The vision, posted to TikTok, shows a kneeling uniformed officer, from the Mirrabooka Police department in Perth, reading the terms of the VRO by torchlight to the little boy as he holds his mother's hand.
The incident took place on Friday evening, with video showing the officer reading to the child as he stares on in confusion, glancing back at his mother for reassurance as a crowd gathers around the group. The little boy's mum can be heard towards the end of the footage asking the policeman whether or not he believes her son can even comprehend what's occurring.
“You ask my son now, my seven-year-old son, if he understands what you said?” she repeats a number of times, to which the officer responds: “All I have to do is read this out".
Court deems act unlawful
It's since emerged that the order was issued by the Perth Children’s Court, that directed the officers involved to serve the VRO, though, in Western Australia, it's illegal to do so to a child under the age of 10.

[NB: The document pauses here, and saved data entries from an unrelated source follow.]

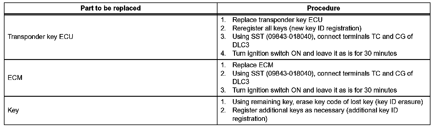 a. The given table shows ECU replacement and key registration procedures in case the malfunctioning ECU has been specified after troubleshooting the engine immobilizer system.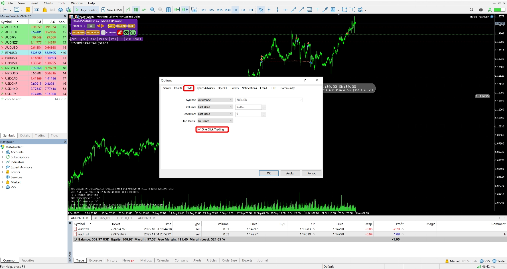 Also, check that One-Click Trading is enabled in the terminal options under the “Trade” tab.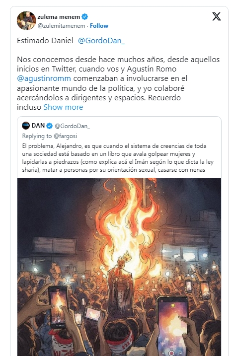Zulemita Menem salió a cruzar al Gordo Dan luego de su ataque al Islam. Los riojanos le hicieron borrar un tuit a Fargosi.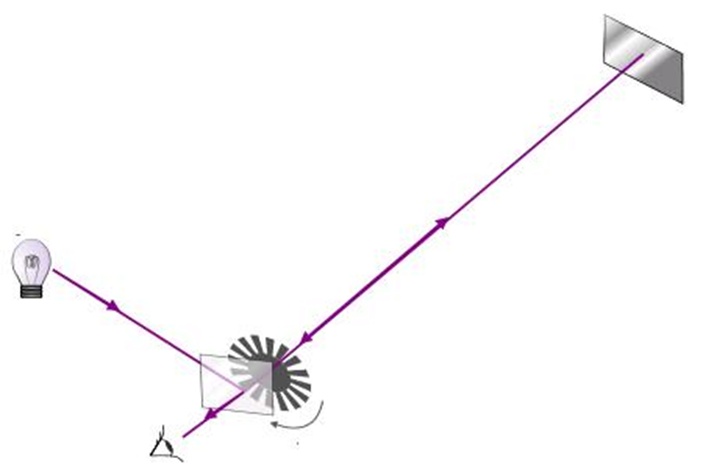 进入19世纪,法国物理学家阿曼达·斐索(Armand Fizeau)采用了更为精密的方法——旋转齿轮法。做法是让光束通过高速旋转的带齿轮的遮板射向远处反射镜,再折返通过同一位置:当齿轮恰好在往返时间内由“缺口”转到“齿挡”,返程光就被挡住出现“熄灭”,据此可由已知的往返距离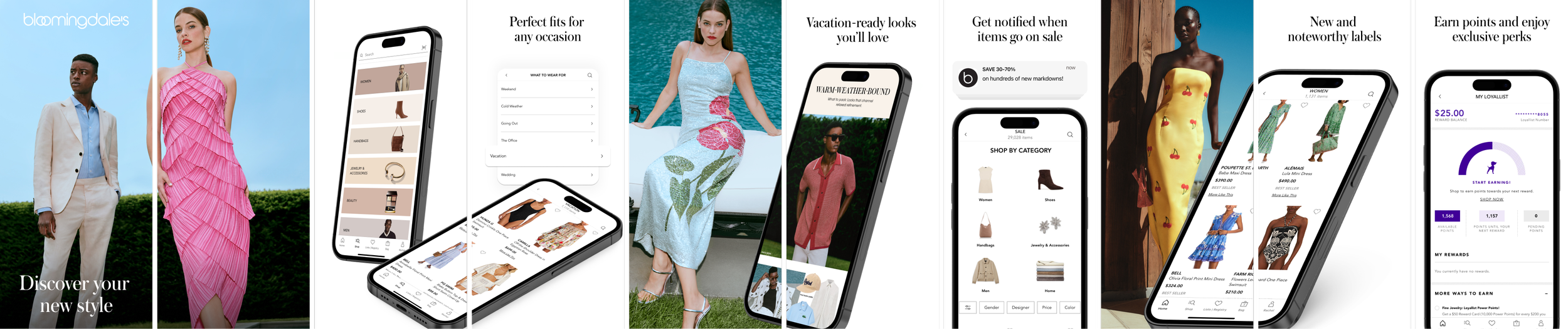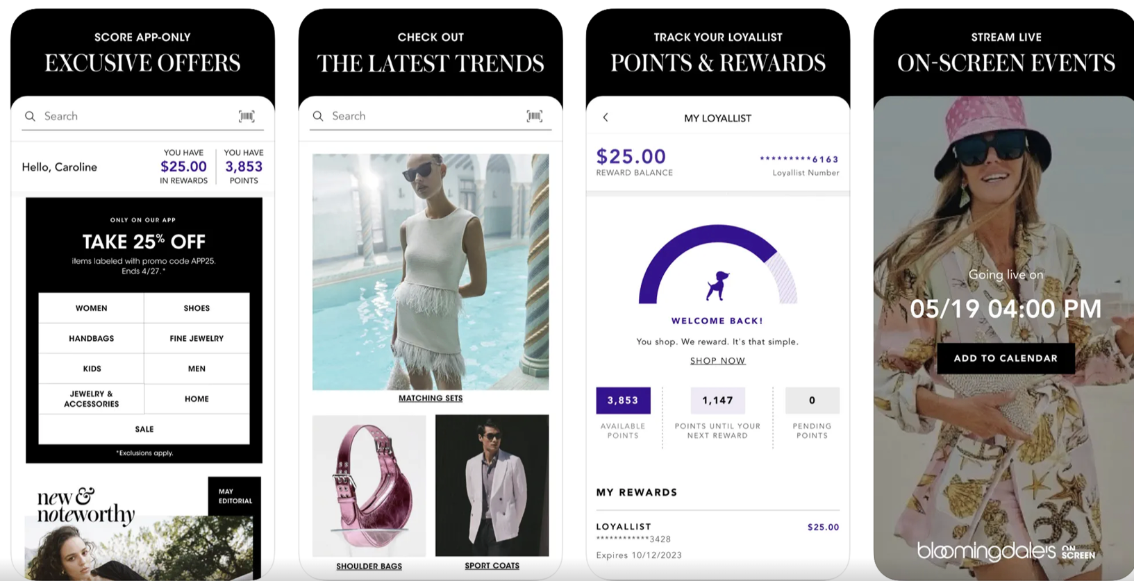 Bloomingdale’s App Store screenshots focused heavily on features like fast delivery, rewards and loyalty perks.

Speaking to Yahoo News Australia, a spokesperson for WA Police said that after authorities determined the boy's age, the VRO was revoked.

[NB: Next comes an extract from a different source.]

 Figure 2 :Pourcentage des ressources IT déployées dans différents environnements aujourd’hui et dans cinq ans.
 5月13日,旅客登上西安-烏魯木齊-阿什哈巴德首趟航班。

"Police are required to serve court issued VROs," the spokesperson told Yahoo. "Following a court direction, Mirrabooka Police served a VRO on the evening of November 3. During service it was identified that the child was seven years old.
"The law is very clear that a VRO cannot be made to a child under 10 years of age."

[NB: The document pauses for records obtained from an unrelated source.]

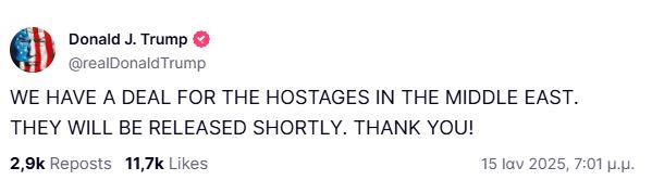 «Έχουμε μια συμφωνία για τους ομήρους στην Μέση Ανατολή. Θα απελευθερωθούν σύντομα», έγραψε ο Ντόναλντ Τραμπ στο TruthSocial για την εκεχειρία στην Γάζα.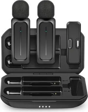JVFYI 2 Pcs Wireless Lavalier Microphone for iPhone iPad Android with Charging Case 7H Clip on Lapel Microphone Wireless for Video Recording Vlogging, YouTube, Interview, 3 Mode Denoise, 70ft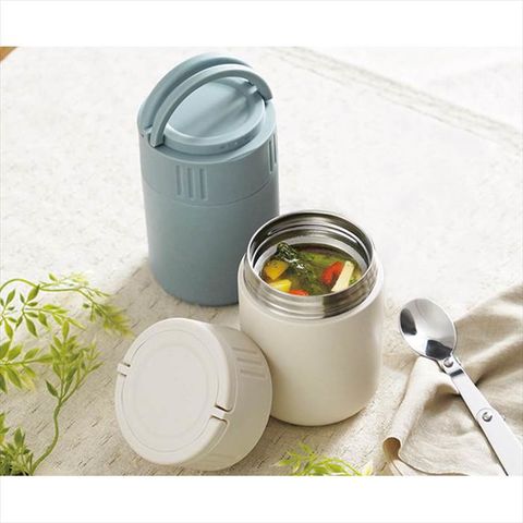 ■商品紹介:真空二重構造でランチまで食べ頃の温度をキープ!折りたたみ式のステンレススプーン付。

WA Police stand by officers 'who acted professionally'
The spokesperson continued to explain that "after service, WA Police queried the VRO with the court" and though it was determined that the VRO was completely invalid, "the Commissioner of Police has reviewed the matter and fully supports the officers involved."
"They conducted themselves professionally and were acting on the court’s direction," the spokesperson concluded.
Children's court revokes VRO
A representative from the children's court said once police advised the court that the child was indeed only seven, the matter was brought back "before the court on Monday afternoon and the VRO, which was issued on October 13, was cancelled", The West Australian reported.
It's understood after court staff revised the original application, it was determined that the boy was originally represented as being in high school, with that representation being made by the person who applied for the VRO.
The court recommended that the applicant who filed for the VRO — understood to be a woman — be personally served with a cancellation notice.
It remains unclear what alleged crimes took place prior to the incident that saw the young boy be served the VRO in the first place.